START Data to process

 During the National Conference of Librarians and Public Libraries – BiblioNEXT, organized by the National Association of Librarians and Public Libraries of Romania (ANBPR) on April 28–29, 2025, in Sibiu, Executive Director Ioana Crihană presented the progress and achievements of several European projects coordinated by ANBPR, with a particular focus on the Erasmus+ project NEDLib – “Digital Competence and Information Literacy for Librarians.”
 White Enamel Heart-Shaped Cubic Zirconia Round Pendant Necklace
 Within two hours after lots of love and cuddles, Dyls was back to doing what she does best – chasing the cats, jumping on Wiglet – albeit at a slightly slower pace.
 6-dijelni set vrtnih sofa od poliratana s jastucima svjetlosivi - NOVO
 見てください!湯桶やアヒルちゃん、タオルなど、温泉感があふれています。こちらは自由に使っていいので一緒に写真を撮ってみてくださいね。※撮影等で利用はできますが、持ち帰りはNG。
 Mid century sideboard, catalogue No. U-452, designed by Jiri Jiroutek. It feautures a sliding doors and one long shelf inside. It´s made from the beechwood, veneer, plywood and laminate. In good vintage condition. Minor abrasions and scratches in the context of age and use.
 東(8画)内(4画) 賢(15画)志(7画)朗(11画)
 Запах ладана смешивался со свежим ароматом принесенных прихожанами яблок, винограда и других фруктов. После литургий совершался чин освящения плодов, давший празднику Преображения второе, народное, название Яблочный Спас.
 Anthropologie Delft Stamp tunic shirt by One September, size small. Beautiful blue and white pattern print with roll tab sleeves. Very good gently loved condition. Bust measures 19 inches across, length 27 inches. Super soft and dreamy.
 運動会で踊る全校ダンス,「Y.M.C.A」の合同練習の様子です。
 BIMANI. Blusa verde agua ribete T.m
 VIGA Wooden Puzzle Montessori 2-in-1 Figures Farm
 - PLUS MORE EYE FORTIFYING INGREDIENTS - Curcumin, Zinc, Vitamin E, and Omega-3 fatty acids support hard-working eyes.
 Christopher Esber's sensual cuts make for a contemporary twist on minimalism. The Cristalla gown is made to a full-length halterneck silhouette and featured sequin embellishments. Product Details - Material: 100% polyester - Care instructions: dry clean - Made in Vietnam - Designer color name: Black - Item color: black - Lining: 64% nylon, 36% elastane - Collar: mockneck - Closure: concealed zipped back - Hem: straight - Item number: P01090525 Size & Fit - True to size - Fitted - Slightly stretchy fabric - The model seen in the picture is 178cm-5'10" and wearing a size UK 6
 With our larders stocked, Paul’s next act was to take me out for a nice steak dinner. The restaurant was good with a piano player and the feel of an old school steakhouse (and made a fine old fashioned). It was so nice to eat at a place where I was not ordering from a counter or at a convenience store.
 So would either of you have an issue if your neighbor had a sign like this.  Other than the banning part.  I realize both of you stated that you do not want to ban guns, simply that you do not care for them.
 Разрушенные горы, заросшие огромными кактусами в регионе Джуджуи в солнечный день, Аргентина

END Data to process

> [Problem requirements] Extract, please, the lines from the start of the entries above through the one with "- PLUS MORE", both included, reproducing each exactly and adding nothing.

> [Result for this task]
 During the National Conference of Librarians and Public Libraries – BiblioNEXT, organized by the National Association of Librarians and Public Libraries of Romania (ANBPR) on April 28–29, 2025, in Sibiu, Executive Director Ioana Crihană presented the progress and achievements of several European projects coordinated by ANBPR, with a particular focus on the Erasmus+ project NEDLib – “Digital Competence and Information Literacy for Librarians.”
 White Enamel Heart-Shaped Cubic Zirconia Round Pendant Necklace
 Within two hours after lots of love and cuddles, Dyls was back to doing what she does best – chasing the cats, jumping on Wiglet – albeit at a slightly slower pace.
 6-dijelni set vrtnih sofa od poliratana s jastucima svjetlosivi - NOVO
 見てください!湯桶やアヒルちゃん、タオルなど、温泉感があふれています。こちらは自由に使っていいので一緒に写真を撮ってみてくださいね。※撮影等で利用はできますが、持ち帰りはNG。
 Mid century sideboard, catalogue No. U-452, designed by Jiri Jiroutek. It feautures a sliding doors and one long shelf inside. It´s made from the beechwood, veneer, plywood and laminate. In good vintage condition. Minor abrasions and scratches in the context of age and use.
 東(8画)内(4画) 賢(15画)志(7画)朗(11画)
 Запах ладана смешивался со свежим ароматом принесенных прихожанами яблок, винограда и других фруктов. После литургий совершался чин освящения плодов, давший празднику Преображения второе, народное, название Яблочный Спас.
 Anthropologie Delft Stamp tunic shirt by One September, size small. Beautiful blue and white pattern print with roll tab sleeves. Very good gently loved condition. Bust measures 19 inches across, length 27 inches. Super soft and dreamy.
 運動会で踊る全校ダンス,「Y.M.C.A」の合同練習の様子です。
 BIMANI. Blusa verde agua ribete T.m
 VIGA Wooden Puzzle Montessori 2-in-1 Figures Farm
 - PLUS MORE EYE FORTIFYING INGREDIENTS - Curcumin, Zinc, Vitamin E, and Omega-3 fatty acids support hard-working eyes.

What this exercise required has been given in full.